◆ **THE PROBLEM**
Everything from the "胡散臭い通販商品みたいなあだ名 | 『億万長者になれる霊験あらたかなお札…その名も「いしかわこうだい」』 |" line to the final line of the listing should be written out exactly. Skip the pictures.

AVAILABLE DATA START

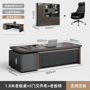 1.8米双柜老板桌+老板椅+五门书柜(升级烤漆款)
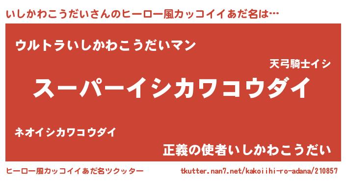 | 胡散臭い通販商品みたいなあだ名 | 『億万長者になれる霊験あらたかなお札…その名も「いしかわこうだい」』 |
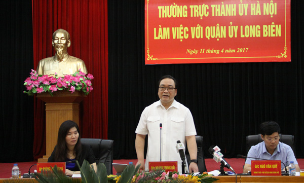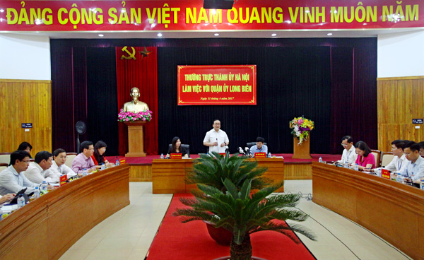 Thống nhất với các nhiệm vụ trọng tâm về phát triển kinh tế - xã hội, an ninh quốc phòng trong 9 tháng cuối năm 2017 của quận Long Biên, Bí thư Thành ủy đề nghị quận quan tâm đến công tác xây dựng Đảng, CCHC, thực hiện "Năm kỷ cương hành chính 2017".

AVAILABLE DATA END

◆ **SOLUTION FOR THIS EXERCISE**
 | 胡散臭い通販商品みたいなあだ名 | 『億万長者になれる霊験あらたかなお札…その名も「いしかわこうだい」』 |
 Thống nhất với các nhiệm vụ trọng tâm về phát triển kinh tế - xã hội, an ninh quốc phòng trong 9 tháng cuối năm 2017 của quận Long Biên, Bí thư Thành ủy đề nghị quận quan tâm đến công tác xây dựng Đảng, CCHC, thực hiện "Năm kỷ cương hành chính 2017".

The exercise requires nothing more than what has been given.